Keywords facial nerve - neurophysiology - pterional approach - keyhole - aneurysm - clipping
Introduction
The pterional approach established by Yasargil et al[1 ] to clip anterior circulation aneurysms has been the gold standard for more than
30 years. However, the supraorbital keyhole approach, first reported by Perneczkey
in 1998, is less invasive and yields good surgical results.[2 ] It provides for wide intracranial exposure in patients with deep-seated supra- and
parasellar lesions[3 ] and for sufficient space for microscopic manipulation.[2 ]
[3 ] Subsequently, Hernesniemi et al[4 ] and Cheng et al[5 ] proposed the lateral supraorbital and pterional keyhole approach, respectively.
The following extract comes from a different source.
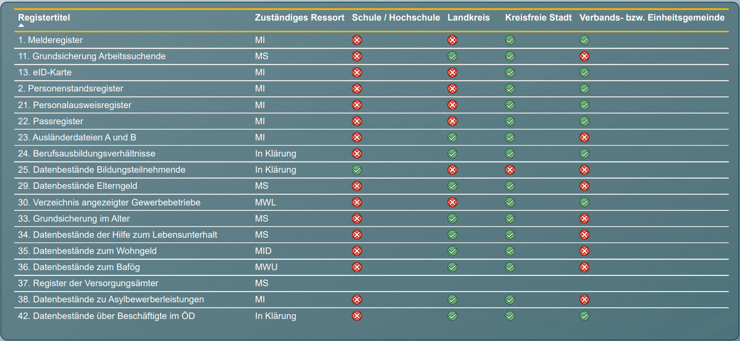 Aufbauend auf dieser bundesweiten Priorisierung erfolgt die konkrete Umsetzung in den Ländern. Die folgende Übersicht zeigt die Zuständigkeiten für die Register in Sachsen-Anhalt.

Since 2001, we have used the pterional keyhole approach to clip anterior circulation
aneurysms in more than 300 patients and obtained favorable outcomes.
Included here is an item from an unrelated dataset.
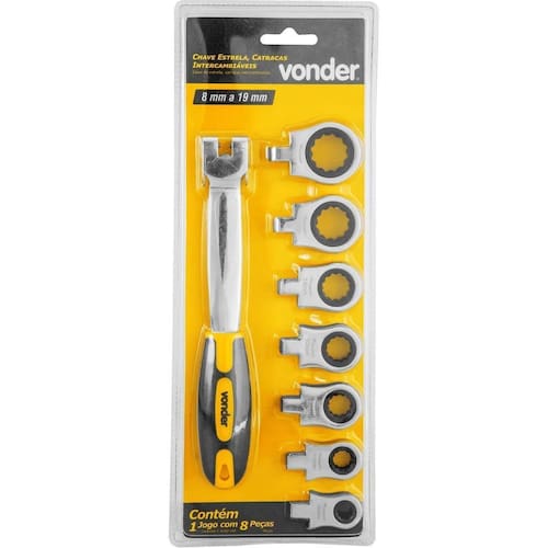Conteúdo da embalagem: 1 Chave estrela com 7 catracas intercambiáveis nas medidas: 8 mm, 10 mm, 12 mm, 13 mm, 14 mm, 17 mm e 19 mm.

Although frontal and frontolateral keyhole craniotomies appear to be less invasive,
more efficient, and safe, they raise the possibility of iatrogenic injury to the temporal
branch of the facial nerve because of its anatomical location. The occurrence of facial
nerve palsy in patients undergoing supraorbital keyhole craniotomy has been reported.[6 ]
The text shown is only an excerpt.